Analysis and Countermeasures of Automotive EPB Wire Harness Wire Breakage

Abstract: In view of the fracture problem of automobile EPB wire harness in the real vehicle simulated bending test, the factors related to wire fracture were comprehensively analyzed, and the reliability of the automobile EPB wire harness wire against bending fatigue fracture was analyzed and evaluated using experimental analysis methods. It was proposed that Several solutions were proposed and their implementation effects studied. The results show that optimizing the copper conductor grain size and wire structure, increasing the number of core wires, and reducing the volume ratio of the wire's outer protective sheath are relatively practical, and can effectively reduce the probability of automotive EPB wiring harness wire breakage.

0 Preface

With the rapid development of the automobile industry, the safety of automobiles is the first indicator of automobile design and manufacturing. Through the use of modern technology and advanced means, various possible ways and solutions to further improve safety can make automobiles as transportation safer. As a braking system, the PEB system is a major safety system and an important factor in measuring automobile safety standards. The extensive application of EPB  electronic parking systems in automobiles plays an important role in improving the safety and ride comfort of automobiles. The EPB wiring harness is an integral part of the system, and its reliability directly affects the reliability of the entire automotive EPB system. This article mainly studies the reliability of automotive EPB wire harnesses against bending and fracture.

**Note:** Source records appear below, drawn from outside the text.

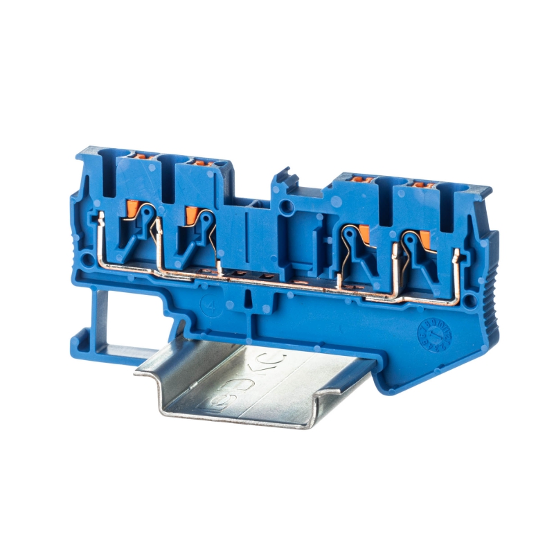 Клемма проходная, зажим push-in, 4 точки подключения, 2.5 кв.мм, синяя | код VPR-2.5-QUATTRO-BU | DKC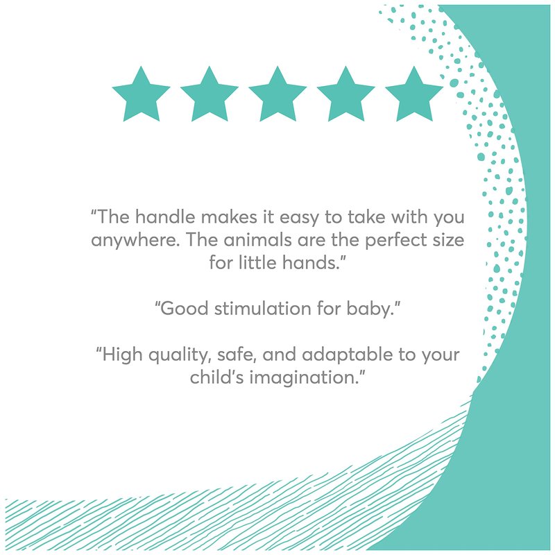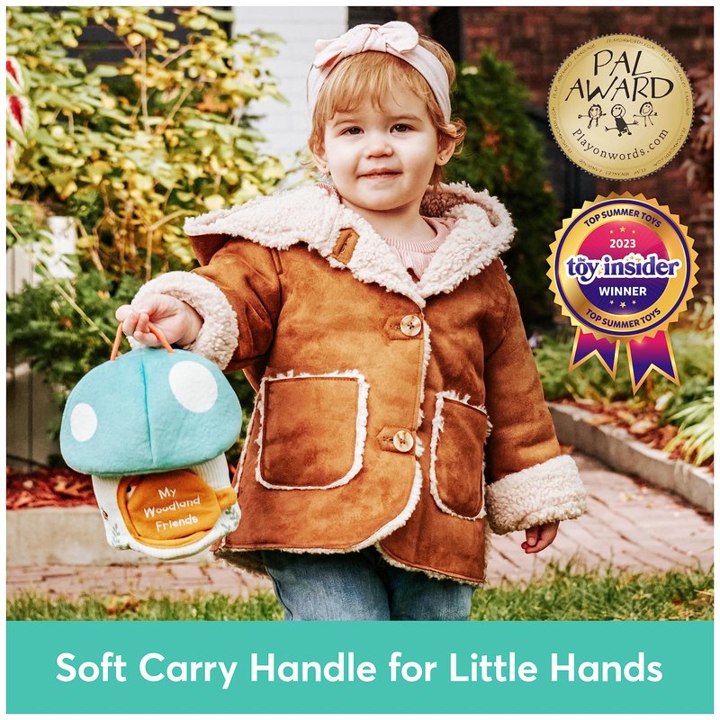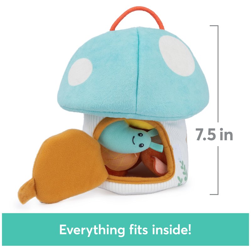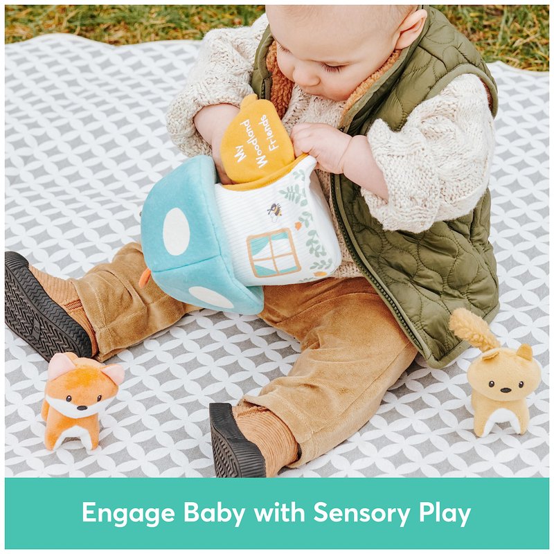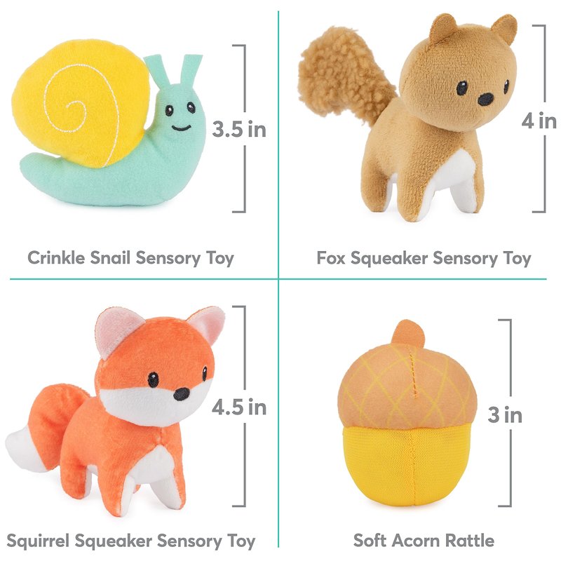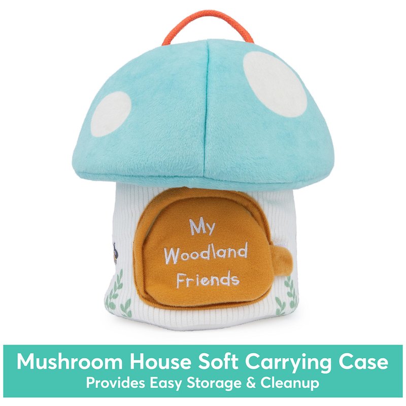 - PLUSH FOREST PLAYSET: This soft playset features a 7.5” teal mushroom house which stores 4 soft sensory toys: plush squirrel and fox squeakers, a crinkling snail, and an acorn rattle. Each sound toy is designed to stimulate and entertain baby!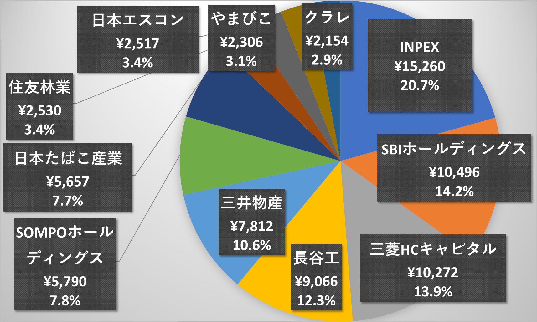 ここから生み出される配当を楽しみにしつつ、できる限り銘柄ごとに同じ比率にしていきたいと思っています。定期的に日本株の配当に関してもまとめていきたいと思っています。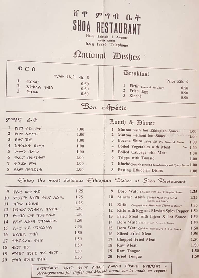 Restaurant food menu of the time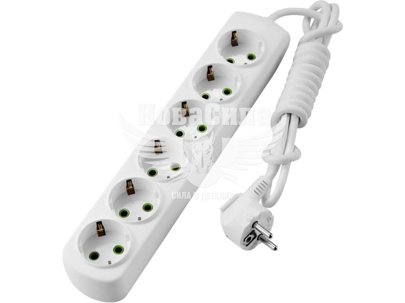 Подовжувач виконаний у форматі колодки на шість гнізд стандарту CEE 7/17 із захисним заземленням, що підвищує рівень електробезпеки під час підключення техніки. Кабель з перерізом 3х1 мм2 розрахований на допустиме навантаження до 3,5 кВт і забезпечує стабільну передачу електроенергії без перегріву. Відсутність кнопки вимкнення робить конструкцію простою, надійною та придатною для тривалої експлуатації. Ступінь пиловологозахисту IP20 передбачає використання виробу виключно у сухих приміщеннях.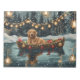 Mergulhe na magia da temporada de férias com esta ilustração lindamente detalhada, mostrando um cachorro orgulhoso sentado em um barco festivamente decorado, deslizando através de um lago de Natal sereno. As luzes cintilantes dos pinheiros próximos refletem sobre a água, lançando um brilho quente e festivo que melhora o conforto ambiente. Os ornamentos pendem do lado do barco, enquanto as lanternas brilhantes iluminam o caminho, criando uma cena que captura a verdadeira essência do calor e alegria natalinos. Esta trabalho de arte nostálgica traz um toque de magia de férias para qualquer espaço, perfeita para aqueles que apreciam o espírito da estação.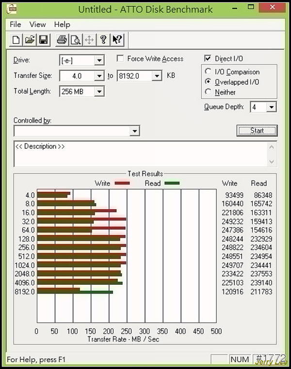▲ATTO Disk Benchmark在 Overlapped I/O (重疊輸出/入)模式,QD4 4K的表現讀取86348 寫入93499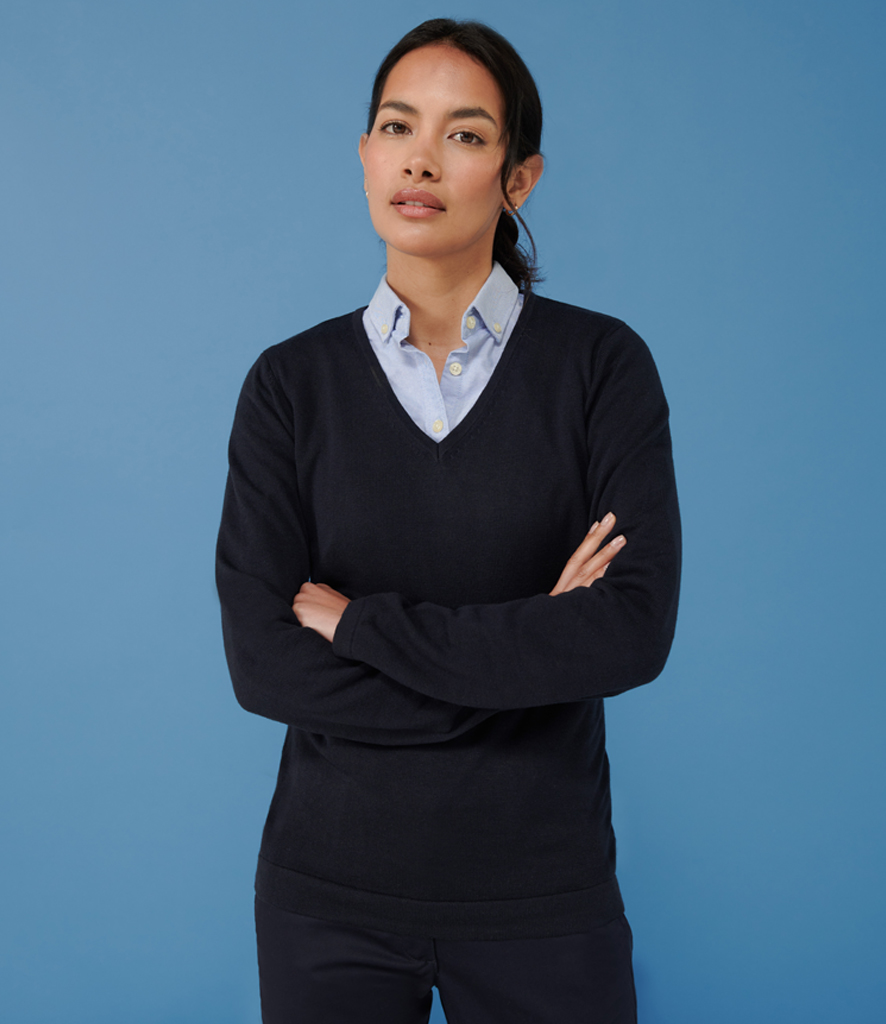 Henbury Ladies Lightweight Cotton Acrylic V Neck Sweater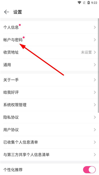 3、在設(shè)置界面中,點(diǎn)擊帳戶與密碼選項(xiàng),進(jìn)入賬號(hào)與密碼管理頁面。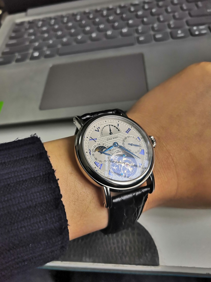 此款手表属于限量版陀飞轮,表盘属于陨石表盘。搭配鳄鱼表带,更显高端。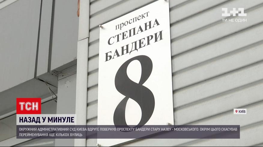 Московский или Бандеры. Столичные власти совместно с Институтом национальной памяти обжалуют решение Окружного админсуда Киева о переименовании улиц. Речь идет о возвращении проспекта Бандере и еще четырем улицам старых названий. Накануне Окружной административный суд Киева во второй раз признал, что переименование незаконно. Сегодня под стенами суда митинговали националисты. Требовали от президента инициировать роспуск этого учреждения.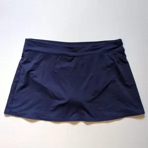 Lands' End Womens 14 Navy Blue Swim Skirt Suit Bottom Lined Built In Brief Beach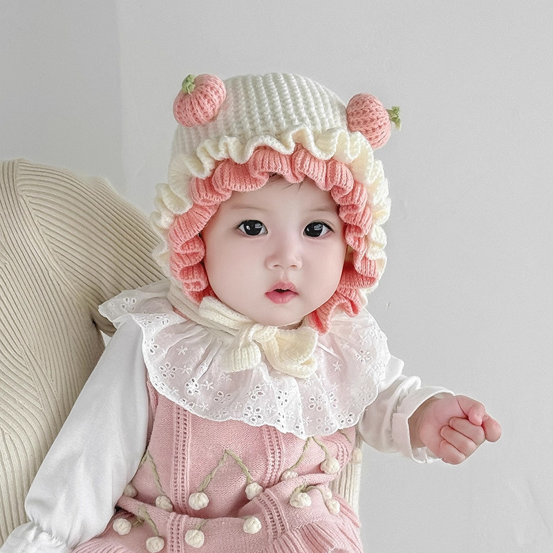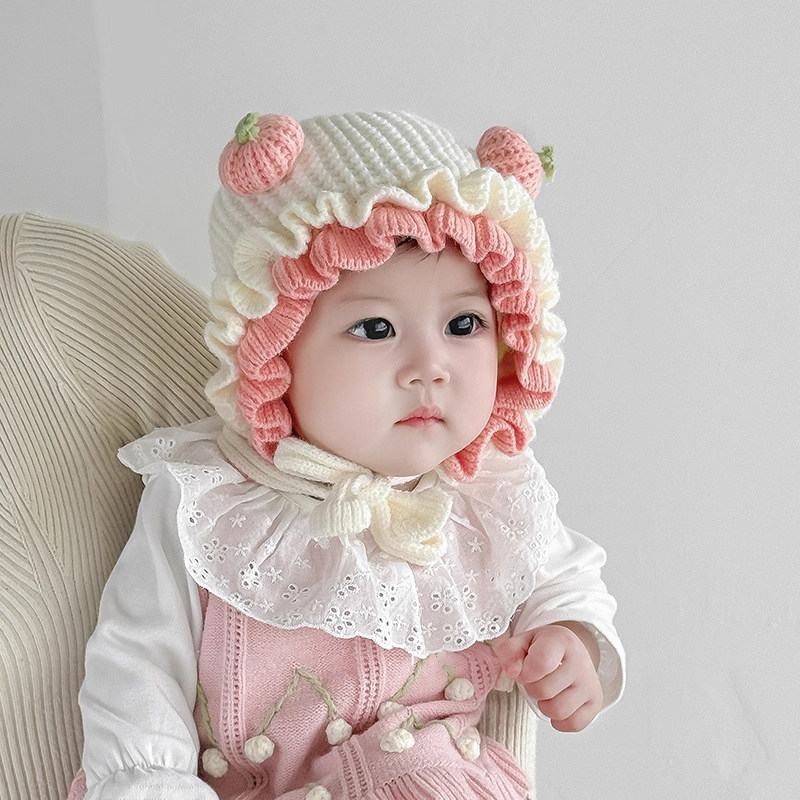 宝宝帽子春秋男孩2025新款女宝纯棉儿童冬季防风堆堆帽围脖两件套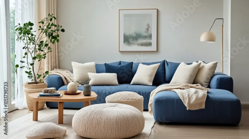 Two knitted poufs near dark blue corner sofa. Scandinavian home interior

As part of the automobile wiring harness, the automotive EPB wire harness integrates EPB wires and ABS wires and is installed in the suspension area of ​​the body chassis. This area is subject to both impact and corrosion from the outside of the body and a large amount of mechanical movement of the longitudinal swing arm, so the PEB's resistance to the wire harness is Bending properties put forward very high requirements. During the driving process of the car, due to uneven road conditions, the swing of the longitudinal swing arm in the body chassis suspension system pulls the EPB wire harness to continuously bend at high frequencies, causing the wires in this section to bend and break. This failure mode is the focus of this article.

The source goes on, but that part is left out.